H/E technique show absence of blood infiltrates in control mice (A) while many infiltrates are observed in at-EAE (B) and active EAE mice (C). No T cells (CD3 marker) immunostaining is observed in lumbar spinal cord of control mice (D). Many T cells are detected in the parenchyma of at-EAE mice and active EAE (E and F, respectively). No B-cells (CD-45R marker) immunostaining is observed in lumbar spinal cord of control mice (G). Many B cells are observed mainly in at-EAE mice (H) while few B-cells are detected in active EAE (I). Semiquantitative histological analysis of infiltration markers in lumbar spinal cord (J) and brain (K). A significant increase of CD-45R-positive cells is detected in at-EAE mice with respect to control mice both in lumbar spinal cord (**, p<0.01) and brain (**, p<0.01). The increase of CD-45R-positive cells was higher in at-EAE than in active EAE , both in lumbar spinal cord (#, p<0.05) and in brain (##, p<0.01). An increase in the number of CD3-positive cells has been observed in at-EAE in both CNS areas (**, p<0.01). Data are representative of three separate experiments. Each group represents the mean of 4 mice for control, 10 mice for at-EAE and 7 mice for active EAE, with SEM error bars. All statistical analyses were performed using Kruskal-Wallis nonparametric test followed by Dunn’s post analysis. Values of p < 0.05 were considered statistically significant. Magnification bar 150 µm.
Figure 5.
Double immunostaining for B cells in at-EAE and control spinal cord sections.
DAPI (A), CD-45R (B), IgG (C), merge (D) at-EAE fluorostaining sections, and control merge (E) fluorostaining sections.
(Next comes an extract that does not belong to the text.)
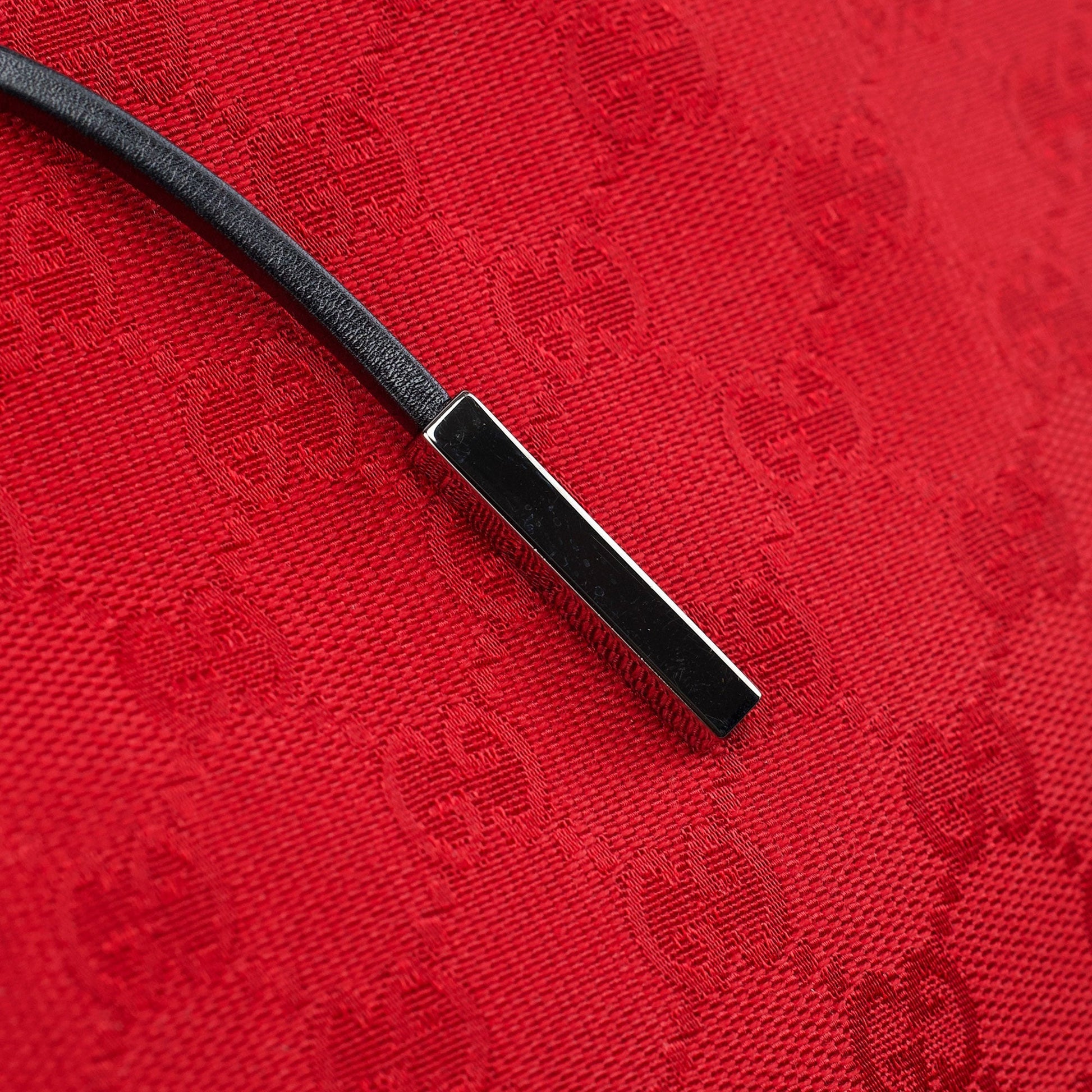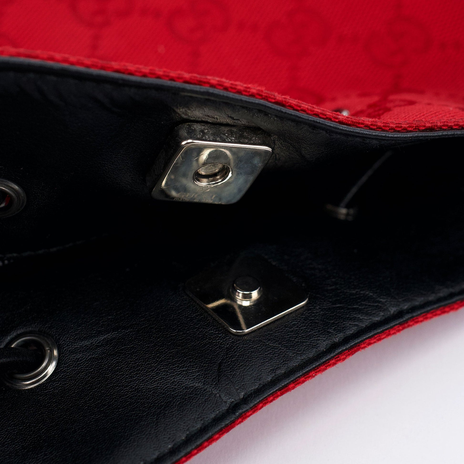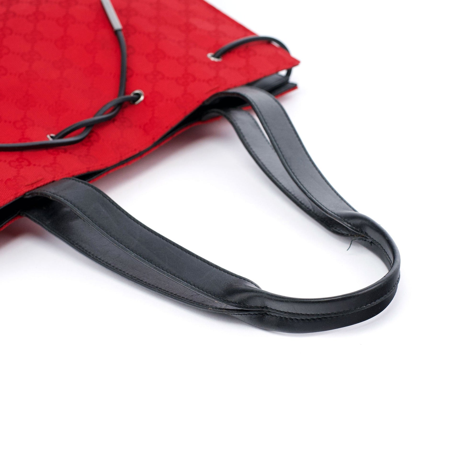 Designed by Tom Ford in the late 1990s, the Gucci GG Drawstring bag is handcrafted from red GG monogram canvas with black calfskin leather trim and silver-tone hardware. It features a drawstring closure for easy access, while the cotton-lined interior includes a zipper pocket for organization.

DAPI (F), CD3 (G), CD-45R (H), merge (I) at-EAE fluorostaining sections, and control merge (J) fluorostaining sections. DAPI (K), CD-138 (L), IgG (M), merge (N) at-EAE fluorostaining sections, and control merge (O) fluorostaining sections. DAPI (P), CD-138 (Q), CD-45R (R), merge (S) at-EAE fluorostaining sections, and control merge (T) fluorostaining sections. Magnification bar 150 µm.